Irish writer John Banville, winner of the prestigious Franz Kafka Prize, is speaking tonight at the Prague society that awarded it

John Banville accepting the Franz Kafka Prize foto: © ČTKČeská pozice

Irish novelist John Banville was presented the 11th annual Franz Kafka Prize on Tuesday by the Franz Kafka Society, with various Czech dignitaries in attendance. The ceremony took place in Prague’s Old Town Hall, and the internationally celebrated writer, critic and author of a book on Prague spoke about how he imagined the proceedings would have struck their namesake.

“It would have astonished Kafka that a fellow writer would have been standing in City Hall to collect an award in his name,” Banville said. “And he would have been even more astonished that I walked over here to collect it from my hotel, which used to be the Worker's Accident Insurance Institute [where Kafka once worked] …”

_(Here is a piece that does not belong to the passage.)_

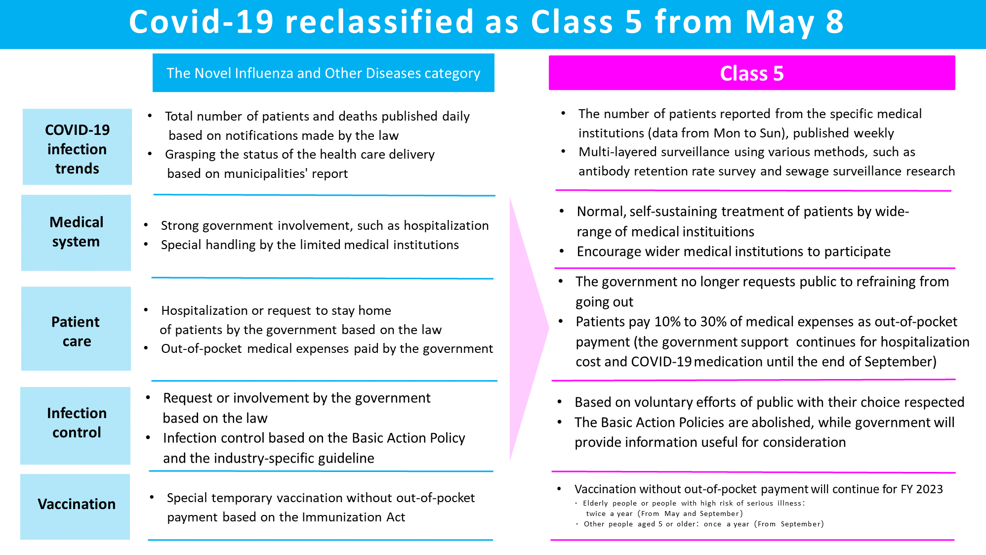 The Japanese government has taken various measures and made requests in response to COVID 19, based on relevant laws. However, due to the reclassification of COVID-19 into Class 5 on May 8, 2023, individual choice is now respected, and the implementation of infection control measures is left up to the judgement of individuals and business operators in principle.

Chairman of the Senate Milan Štěch began the official ceremonies by stating that he is not a literary critic or literary theorist, but an ordinary reader. For that reason, he said he was pleased that the Kafka Prize went to a writer like John Banville, who he considers someone who “doesn’t only do literature for literature’s sake” and is not an obscure choice of elite critics, but of common, everyday readers.

Readability seems to be the subject of the month following the controversy over the recent Man Booker Prize and criticism that the jury, headed by former director general of MI5 and successful spy novelist Stella Rimington, chose accessibility over quality in coming up with a shortlist that left off some prestigious names. So when a rival literary award, The Literature Prize, was announced to aim for higher literary standards one of its advisory board members was former Booker winner John Banville (who won for “The Sea,” 2005).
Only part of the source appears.